# Looking to buy a Diesel Pusher



## jajones (Mar 29, 2011)

Hello,

I have many questions but, over the last few days I have been reading alot of the forum old post which was very helpful.

(1)  I have just sold a 30ft RV that I had for seven years and ready to upgrade to a Diesel Pusher.  My question is when traveling down the road what would be a good size engine/horse power for a 40 - 43ft M/H.

(2)  Worried about not have enough heat in the M/H from front to rear balance while park for a couple days at a time.  Always heard the front driver area is much colder then the rest of the M/H.

(3)  Looking for great resort to visit like to research them ahead of time.

(4)  Do these M/H handle well on the open road exspecially when bigger trucks are passing you.

(5)  What would be a good size fuel tank?


Thanks 

Jerry


----------



## slemnah (Apr 6, 2011)

RE: Looking to buy a Diesel Pusher

Wow, you ask some good questions. Having just purchased a 40ft Holiday Rambler Imperial I can give you some advice. My coach is a 1997 with a 325hp Cummins and a Banks Turbo kit which should give me around 385hp and pretty good torque. I pull a 4200lb Ford Edge and can cruise at 65-70 mph all day long. Going up hills and mountains slow me down but I can still pass most trucks. Haven't had it long enough to figure out fuel mileage but figure around 7-8 mpg. 

You will really need to be aware of the length of the motorhome. 40-45 ft is a long ways back and it takes some preparation to know how much room you take as well as what it takes to turn. Remember the back end swings way out depending on the amount of overhang. You must also always be thinking about how you can get out of whatever spot you got into. I am always calculating my turn radius and making sure that I can get in and out of spaces with a minimum amount of fuss. 

It does get colder in the front of the motorhome but I found that by adjusting the heat registers solves that problem. If you are looking for a very expensive motorhome consider one with radiant heat. 

Depending on where you live, the West coast has a lot of great RV parks. We were just at Pismo beach Coach Village on the CA coast.


----------



## slemnah (Apr 6, 2011)

RE: Looking to buy a Diesel Pusher

As for handling, you must always be aware of the wind conditions as well as other vehicles. Remember you ae driving a 40-45ft sail. Big trucks will push you away and then suck you towards them as you pass. Get used to checking your mirrors every 10 seconds or so. Also, air brakes will feel completely different than hydraulic brakes so get used to them before getting out on the open road. Learn how they work and the maintenance that is required. 

My motorhome has a 100 gal tank although only about 85 gal are usable. 

Good luck to you.
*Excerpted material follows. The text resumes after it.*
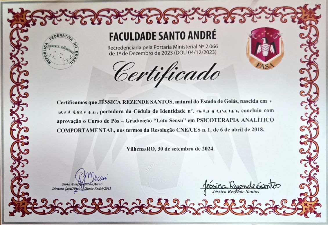 Pós-graduada pelo Instituto Goiano de Análise do Comportamento (IGAC) em Psicoterapia Analítico Comportamental.

Take a driving course if you have one near you. I have a CDL and used to drive a tractor trailer so I use all of the skills I learned from that experience. Just be careful, your coach will weigh around 15 tons or so, that is a lot of weight rolling down the road.


----------



## jajones (Apr 13, 2011)

Re: Looking to buy a Diesel Pusher

Thanks slemnah for all your GREAT advise.  I personally drove a 60 pack bus and went to IVCC for CDL and just sold my 30 ft RV with all that said I'm still looking to be very careful with a bigger load like a 40 - 45 pusher.  I'm wondering also should I buy new or used?  most of the times I always buy new.  You talk about the hanling of the M/H, I'm thinking M/H comes with sway-bars or something to prevent the M/H from swifting much.  thanks for address the heating concern and never thought about the parking, camp ground lots size basicly the space that is needed.

Slemnah once again thanks for reaching out with positive info.  I guest everybody else thought I was looking to buy there M/H wondering why not many response.  Thanks


----------



## vanole (Apr 13, 2011)

Re: Looking to buy a Diesel Pusher

jajones,

I think thre is a glut of used M/H's on the market and you could/should be able to swing a good deal.
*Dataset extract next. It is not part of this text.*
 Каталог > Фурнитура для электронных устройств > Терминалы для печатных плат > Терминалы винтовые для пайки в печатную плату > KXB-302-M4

Concerningyour initial post semi trucks have never been much of an issue with me.  My prior M/H 38' Diplomat or present 43' Dynasty tag.  Never feel them when they go by.  Tour buses are arnother story.  Always get venturi effect from them.  Car carriers are another one they don't move me when they pass but sure do rattle and roll whey they pass.
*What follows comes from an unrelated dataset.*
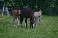 Merrie met haar eigen veulen en z'n vriendje gezellig in de wei.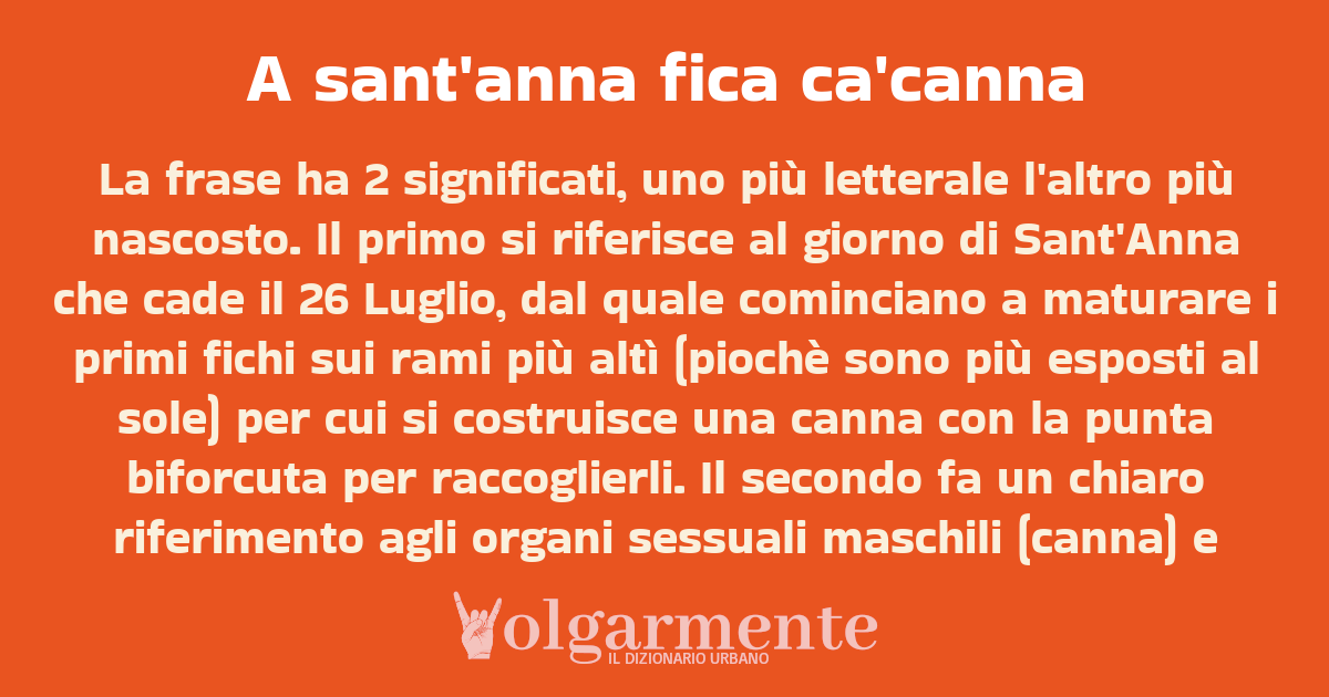 Il primo si riferisce al giorno di Sant'Anna che cade il 26 Luglio, dal quale cominciano a maturare i primi fichi sui rami più altì (piochè sono più esposti al sole) per cui si costruisce una canna con la punta biforcuta per raccoglierli. Il secondo fa un chiaro riferimento agli organi sessuali maschili (canna) e femminili (fica).

Former M/H had an ISC 315 and that pushed me down the road fine and climbed good.  Present M/H has an ISM 525 and quite frankly I think that engine is too large.  Most Dynasty's have the ISL 400 and the owners love the engine.  I ended up witht the ISM because that M/H had the floorplan we wanted and it was the only one on the lot.  Get as much torque as you can, don't worry wheter its a Cummins or CAT both are great engines.

Yes the front of the M/H is cooler in the winter and hotter in the summer.  Both I think are contributed by the huge windshields and cold by the stairwell by the door.  I've fashioned a cardboard cover for the stairwell.  Have to remember that the step cover will not work when parked no air.

If you get a tag axle get a liftable tag so as not to scuff tires.

Jeff

GO NAVY
Fly Navy


----------



## Mljrdn (May 8, 2011)

Re: Looking to buy a Diesel Pusher

We just bought a 2001 holiday rambler 40 ft.  Haven't brought it home from the dealer yet....maybe tomorrow.    We are trying to sale our 1993 Southwind diesel p.  Thanks for the thread because we have questions too.   Never had slides before or air suspension, so will have to figure that out.


----------